I’ve just returned from a week at the Vermont College of Fine Arts Postgraduate Writers’ Conference, where I taught a workshop focusing on the novel. Six novelists sat in a room with me for two hours and fifteen minutes each day, and together we workshopped excerpts from their novels in progress. We also used The Great Gatsby to think a bit more deeply about everything from structure to characterization, detail, point of view, and language. We even found time for some corny jokes—okay, I found time for the jokes, all with a pedagogical purpose, of course.
A frog goes into a bank, and approaches a teller. The teller’s nameplate indicates that her name is Patricia Whack.
“Good morning, Miss Whack,” the frog says. “I’d like to have a loan. I’d like to borrow $5,000 so I can take cruise. And you should know my father is Mick Jagger.”
“Really,” says Miss Whack, with a good deal of skepticism. “I’m afraid we’d have to have some collateral. Do you have any collateral.”
“Of course,” the frog says and hands her a small ceramic elephant.
“This is extremely unusual,” Miss Whack says. “I’ll need to speak with my manager.”
“Good. He happens to know me.”
The teller goes to the manager’s office and says, “Excuse me, sir, but there’s a frog out there who wants to borrow $5,000. When I asked him for collateral, he gave me this.” Miss Whack showed the manager the ceramic elephant. “Now what in the heck is this?”
The manager says: “It’s a knick-knack, Patty Whack.

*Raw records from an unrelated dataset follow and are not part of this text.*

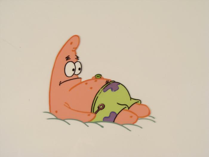 This original animation cel is from the Nickelodeon TV show SpongeBob Squarepants. The story takes place under the deep blue sea in Bikini Bottom, where SpongeBob resides. SpongeBob, who is a yellow, porous sponge, is your typical happy-go-lucky character, as he is always cheerful and enjoys making people laugh. Patrick Star, SpongeBob's neighbor who is a starfish, is your average children's show idiot, as he boasts knowing nothing and is often getting himself into ridiculous situations. Between the homes of these two lies the home of the miserable Squidward, a squid, who is known for being grouchy and playing tricks on SpongeBob and Patrick. Both SpongeBob and Squidward work at the Krusty Krab, a fast food business run by the greedy money-loving Mr. Krabs, a crab, the arch rival of the evil, possibly misunderstood, Plankton. Another neighbor, Sandy Cheeks, an athletic squirrel who normally wears an astronaut's space suit, was introduced in "Tea at the Treedome." She spends most of her time inventing and experimenting. Patrick is blowing bubbles.Original Production Animated Cel Overall Size of Cel: 10 1/2" x 12 1/2" Very Good ConditionThis is an original hand-painted cel set-up used in the production of an episode of "SpongeBob SquarePants." Each one-of-a-kind set-up represents a slight change in position of the characters. When individually photographed and projected in rapid succession, the images appear to move.
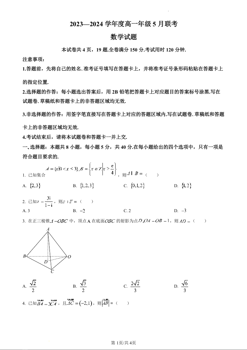 广东省河源市部分学校2023-2024学年高一下学期5月期中联考数学(原卷版)
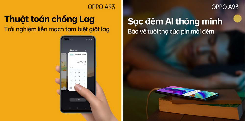 A93 tối ưu hóa trải nghiệm người dùng với vi xử lý MediaTek Helio P95 mạnh mẽ, RAM 8GB và bộ nhớ trong 128GB, có thể mở rộng đến 256GB thông qua khay thẻ 3-in-1 (2 SIM + 1 thẻ nhớ). Thuật toán chống lag (Anti-Lag Algorithm) nhận diện và dọn dẹp các dữ liệu gây lỗi bộ nhớ, hạn chế tình trạng giật lag cho thiết bị, giúp đọc và ghi dữ liệu lên hệ thống nhanh và hiệu quả hơn. Theo OPPO, những cải tiến trên giảm khả năng giật lag màn hình tới 54% so với thế hệ trước, trong khi hiệu suất đọc và ghi dữ liệu cải thiện lên tới 28%.
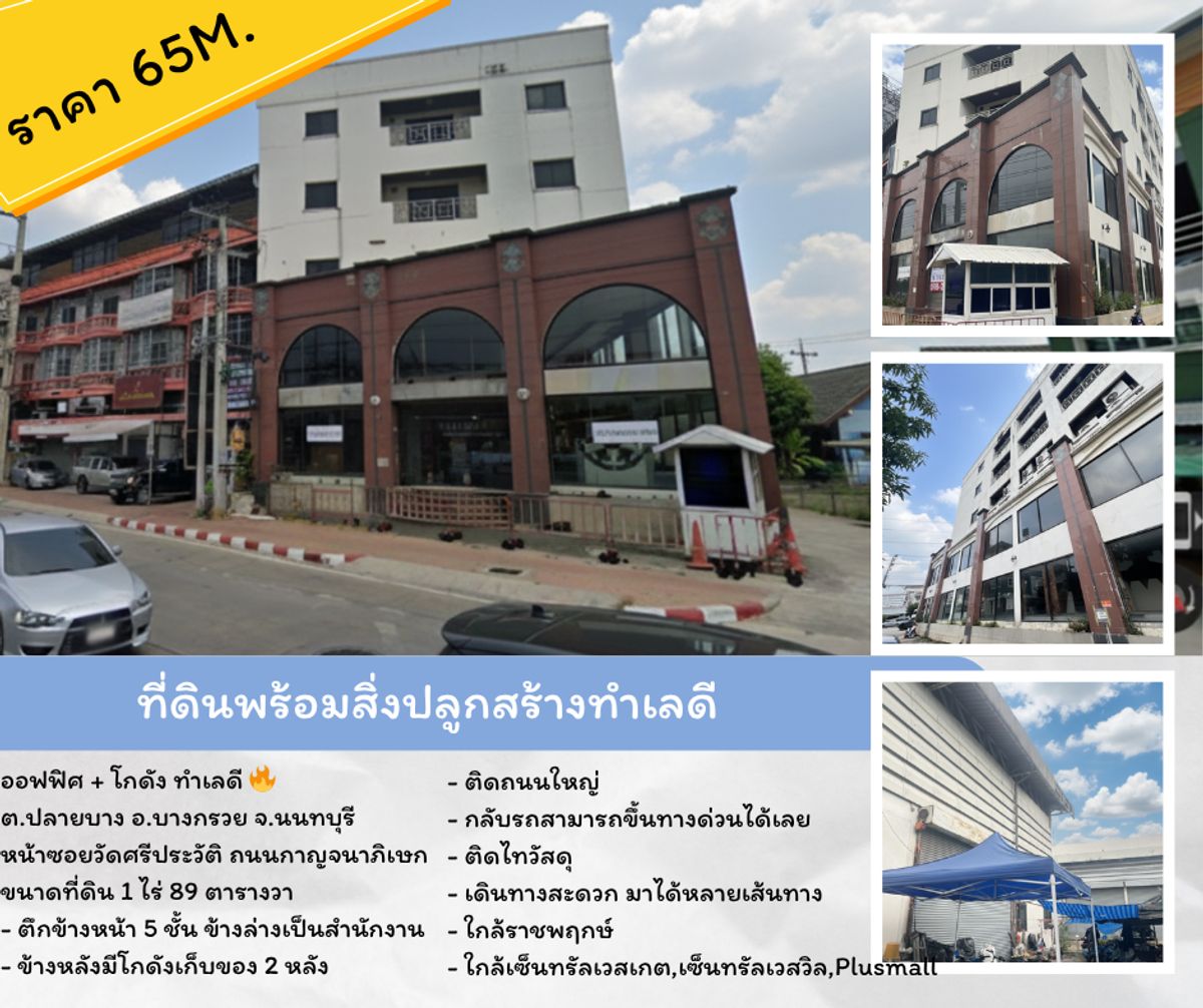 ต.ปลายบาง อ.บางกรวย จ.นนทบุรี หน้าซอยวัดศรีประวัติ ถนนกาญจนาภิเษก ขนาดที่ดิน 1 ไร่ 89 ตารางวา - ตึกข้างหน้า 5 ชั้น ข้างล่างเป็นสำนักงาน - ข้างหลังมีโกดังเก็บของ 2 หลัง - ติดถนนใหญ่ - กลับรถสามารถขึ้นท

Give the frog a loan; his old man’s a Rolling Stone.”
I know. Groan! But the point is how much mileage a writer can get out of a detail like a ceramic elephant.
Which leads me to the moment when Gatsby is showing Daisy and Nick his shirts, the glorious shirts that his man sends over from Europe each season.
“They’re such beautiful shirts,” Daisy says. “It makes me sad because I’ve never seen such—such beautiful shirts before.”
If you’re like me, you might recall Mia Farrow playing Daisy in the 1974 film with Robert Redford as Gatsby. You might also consider her delivery of this line a bit melodramatic, but when I read it in the novel, it opens up Daisy’s character and her life in interesting ways. Those shirts contain so many complicated emotions—pride, perhaps, over what Gatsby has risen to; regret, perhaps, that she didn’t marry him when she had the chance; an awareness, perhaps, that no matter how much money he has, he’ll never be of her social class, and therefore, he’ll always be outside her grasp and she’ll be doomed to her life with Tom Buchannan.
Try it for yourself. Take a character who could use a bit more complexity. Put him or her in a situation where an object expresses a mixture of emotions. Let the object contain what the character can’t put into words. See how the dialogue in the scene can have a subtext that expresses something that the character can’t, or won’t, say directly.
Remember the moment when Nick is visiting Daisy and Tom for the first time, and she calls attention to her bruised finger:
“Look!” she complained. “I hurt it.”
We all looked – the knuckle was black and blue.
“You did it, Tom,” she said accusingly. “I know you didn’t mean to, but you did do it. That’s what I get for marrying a brute of a man, a great, big, hulking physical specimen of a—”
“I hate that word hulking,” objected Tom crossly, “even in kidding.”
“Hulking,” insisted Daisy.
Her insistence on repeating the word, “hulking,” speaks volumes about how she feels about her husband. She doesn’t have the courage to say how she really feels, but she feels safe enough to talk about her bruised finger. That single detail brings her feelings to the surface.
Pay attention to the details when writing. Let them do the work the characters can’t.